[INPUT DATA]
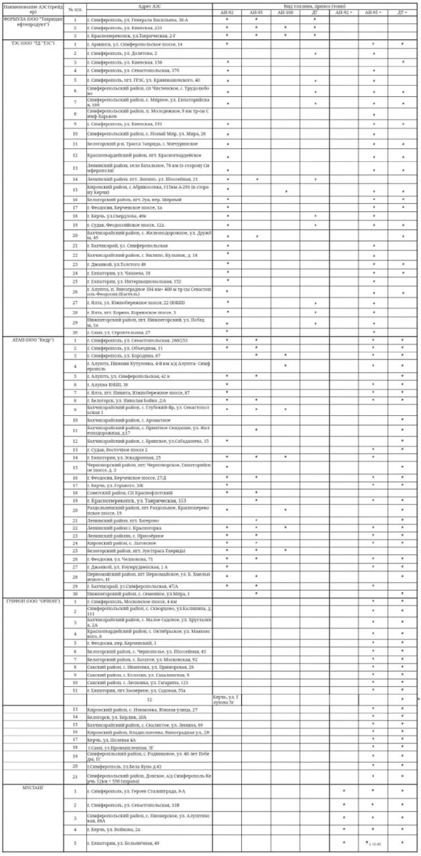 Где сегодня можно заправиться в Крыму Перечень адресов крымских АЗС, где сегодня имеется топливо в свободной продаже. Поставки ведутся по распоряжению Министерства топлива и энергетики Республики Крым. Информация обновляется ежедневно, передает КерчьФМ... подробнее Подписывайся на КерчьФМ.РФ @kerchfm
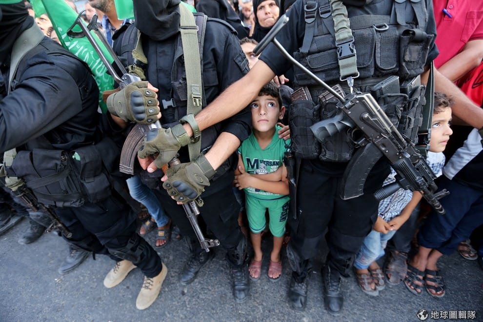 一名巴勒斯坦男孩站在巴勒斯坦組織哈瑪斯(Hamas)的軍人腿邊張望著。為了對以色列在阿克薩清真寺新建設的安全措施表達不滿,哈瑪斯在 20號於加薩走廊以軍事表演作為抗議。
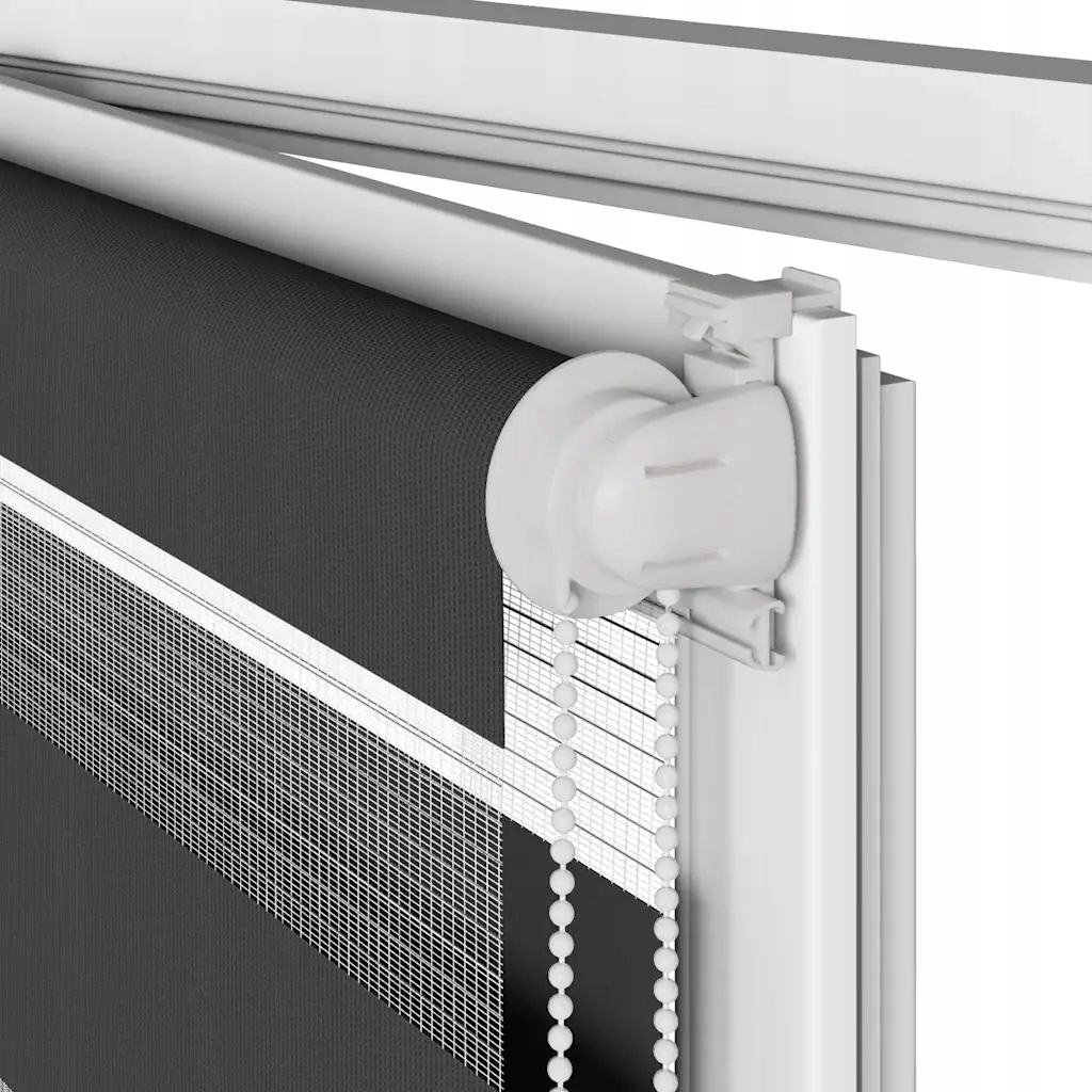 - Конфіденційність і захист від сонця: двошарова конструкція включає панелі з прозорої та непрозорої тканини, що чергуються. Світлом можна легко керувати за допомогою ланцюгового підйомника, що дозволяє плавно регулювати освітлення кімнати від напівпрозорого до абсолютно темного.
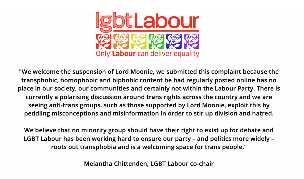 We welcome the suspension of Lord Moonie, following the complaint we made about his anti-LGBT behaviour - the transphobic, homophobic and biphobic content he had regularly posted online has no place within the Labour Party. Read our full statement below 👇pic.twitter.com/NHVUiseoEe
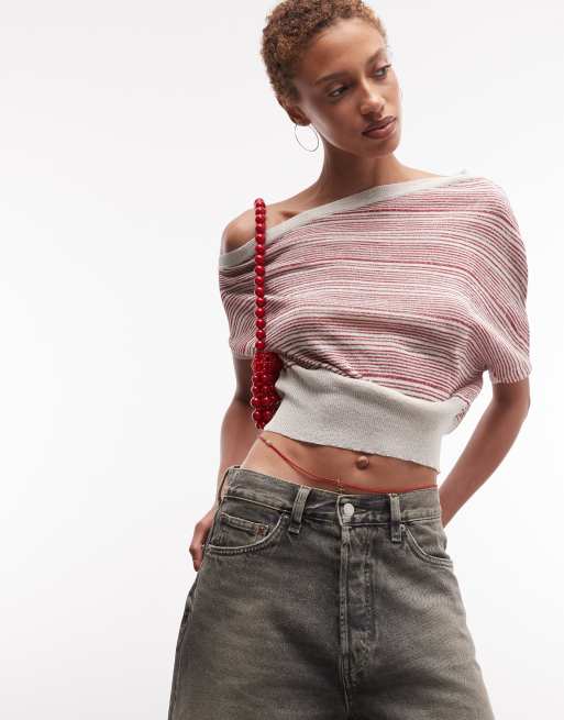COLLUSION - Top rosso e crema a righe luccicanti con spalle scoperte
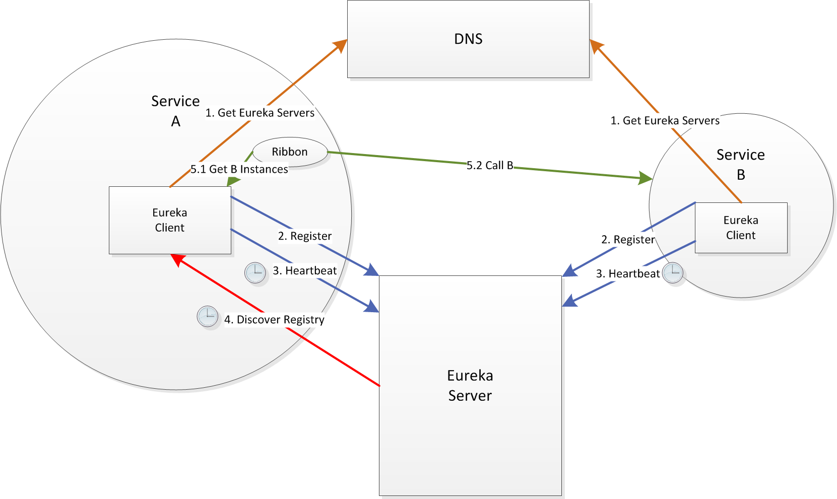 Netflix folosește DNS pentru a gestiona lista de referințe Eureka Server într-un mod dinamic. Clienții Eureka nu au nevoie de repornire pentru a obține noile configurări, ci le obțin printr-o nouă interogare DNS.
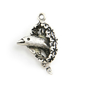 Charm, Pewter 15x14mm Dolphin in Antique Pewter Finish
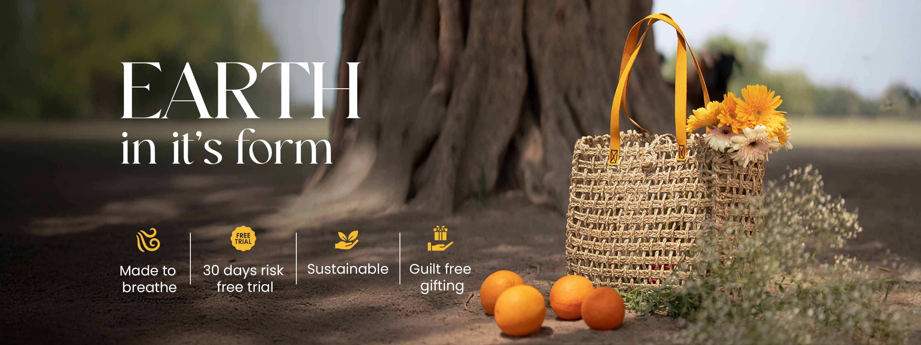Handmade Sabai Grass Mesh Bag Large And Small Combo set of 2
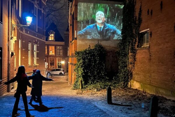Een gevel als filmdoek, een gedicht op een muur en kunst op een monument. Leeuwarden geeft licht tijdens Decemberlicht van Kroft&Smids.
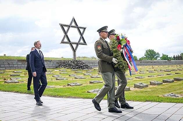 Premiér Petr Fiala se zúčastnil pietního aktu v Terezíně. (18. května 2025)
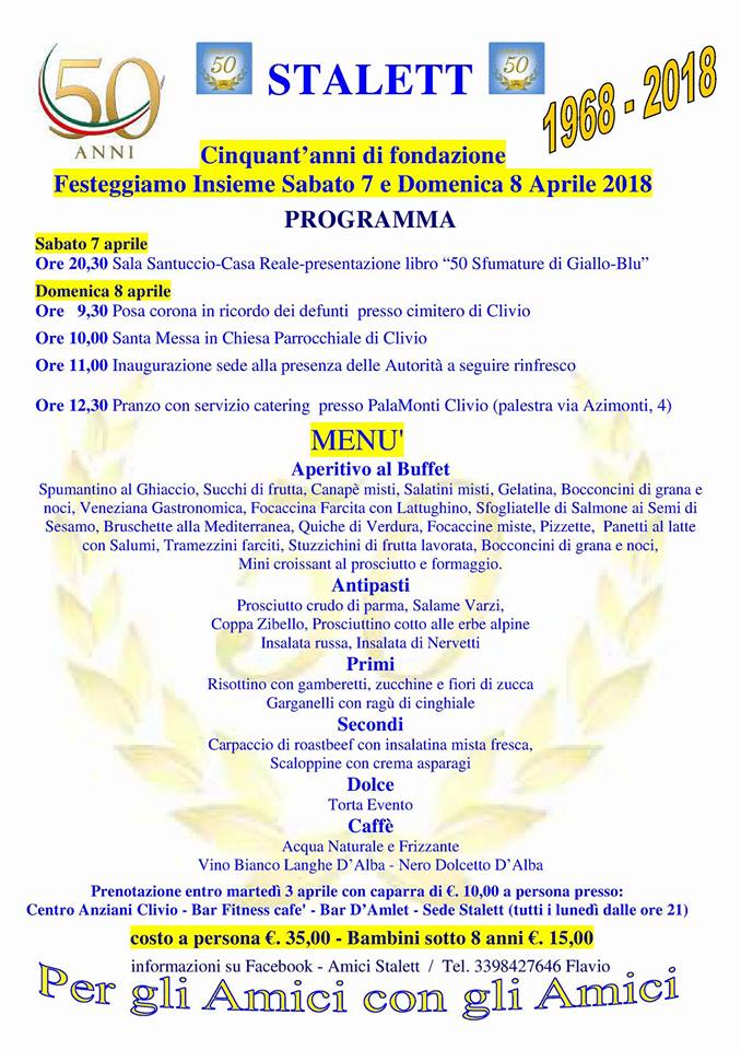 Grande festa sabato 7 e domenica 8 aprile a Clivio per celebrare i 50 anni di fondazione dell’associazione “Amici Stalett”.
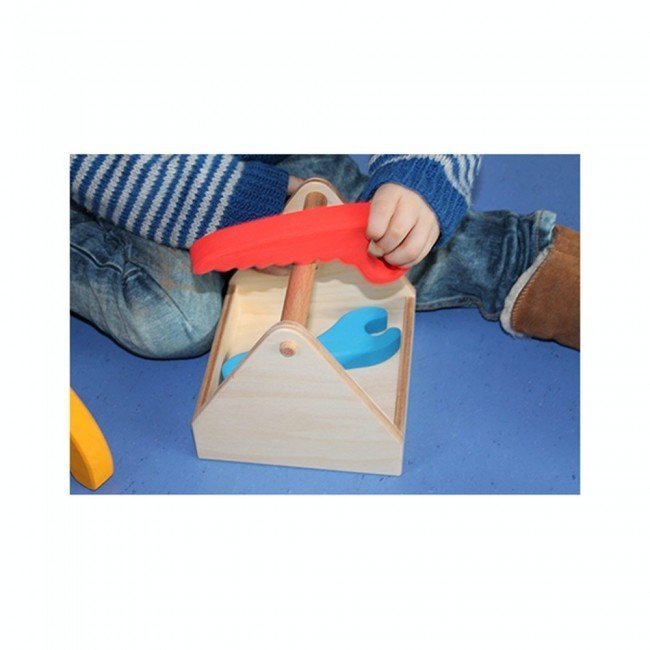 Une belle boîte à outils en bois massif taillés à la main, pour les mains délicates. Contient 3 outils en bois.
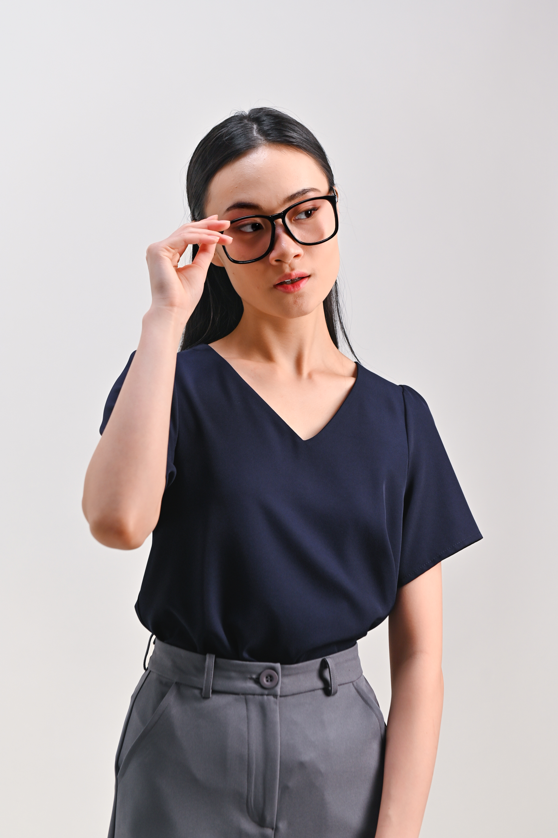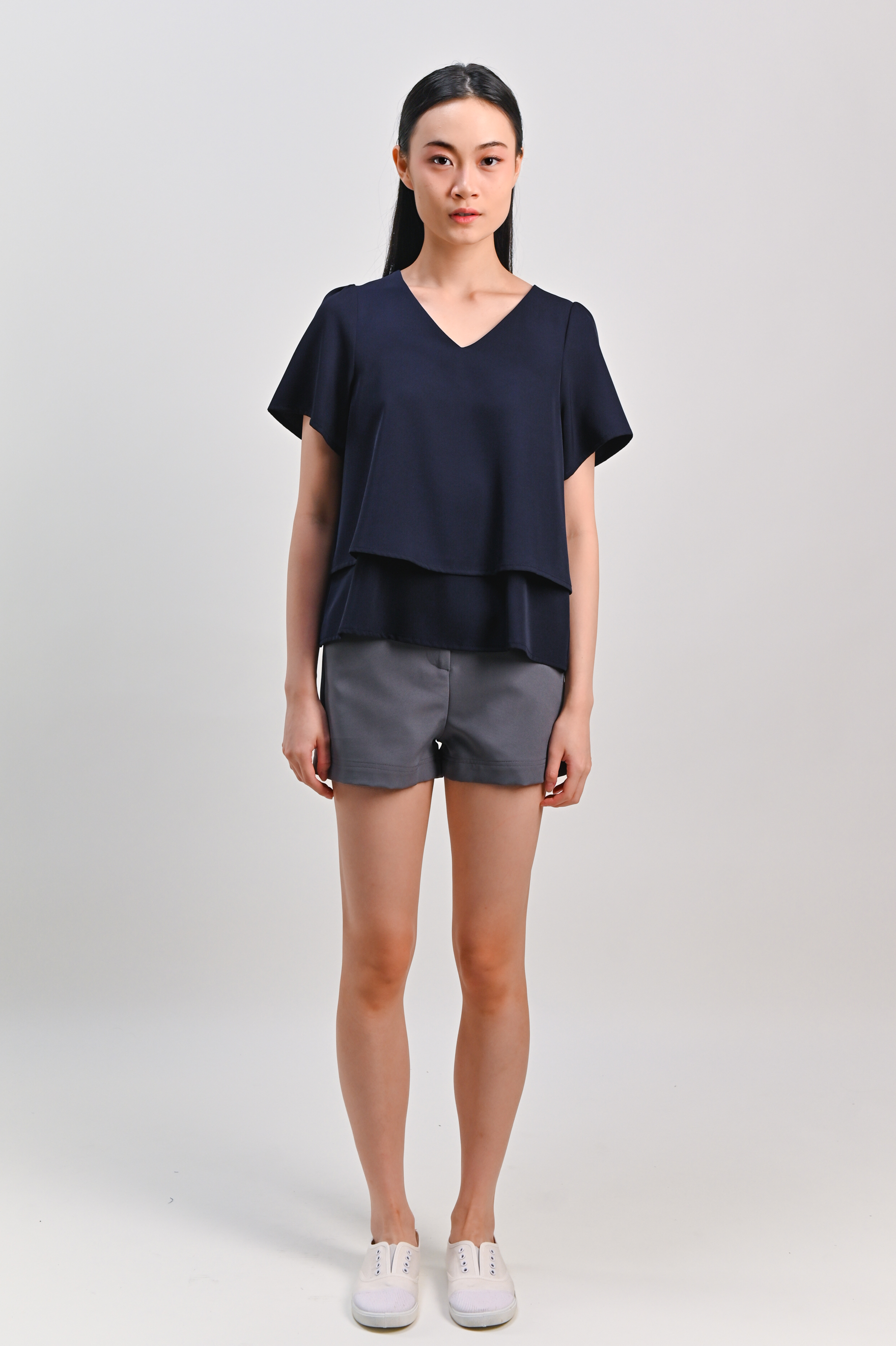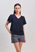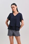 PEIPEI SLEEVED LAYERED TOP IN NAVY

[WHAT THE TASK ASKS] What is needed is an exact copy of the lines above, from the one holding "We welcome the" down to the one holding "COLLUSION - Top", with those two included and the pictures left out.

[EXERCISE ANSWER]
 We welcome the suspension of Lord Moonie, following the complaint we made about his anti-LGBT behaviour - the transphobic, homophobic and biphobic content he had regularly posted online has no place within the Labour Party. Read our full statement below 👇pic.twitter.com/NHVUiseoEe
COLLUSION - Top rosso e crema a righe luccicanti con spalle scoperte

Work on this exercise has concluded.